Hey, thanks for commenting. You’re not alone. I started my Machine Learning journey ~6 months ago in early 2023 without any knowledge of the underlying tech. Granted, I have some experience with infrastructure - but it has taken me a few months to absorb certain concepts and get things working the manual way too. 100% worth it though. I’m glad some of the resources I’ve found along the way are helping you and anyone else who comes across our community. It’s an exciting time to be in this field and the perfect time to jump in.
Love to hear about your 1080 champing through inference. I have a 1080 TI I still hold onto for sentimental reasons… I have considered dusting it off as a standalone inference server. Glad to know it can reach 7B models. That’s awesome.

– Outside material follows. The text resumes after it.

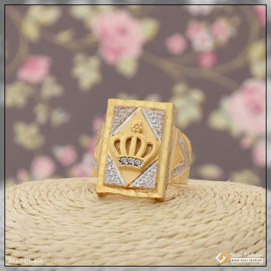 This 1 gram gold-plated men's ring features a stunning filigree design crafted from durable brass. Accented with sparkling diamonds, it offers a royal and shining look that complements any style....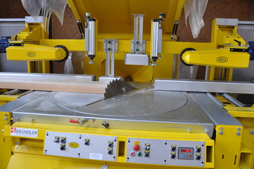 Kapp- und Gehrungssäge mit präziser Positionierung über Längenmessanschlag Exenso Comfort, Pusher-Version, vollautomatischer Programmablauf.

I had no idea Stable Diffusion had a text2video extension… I’ll admit, I’m a big fan of SD, but don’t have as much time to commit to it as I’d like. It’s definitely something I plan on making more resources on after I reach a few of my text-based LLM goals.
I foresee some very exciting ecosystems in our near future, ones that combine text2image2video workflows to create some really innovating applications. That being said, if you ever run into something cool, don’t hesitate to share it with us here!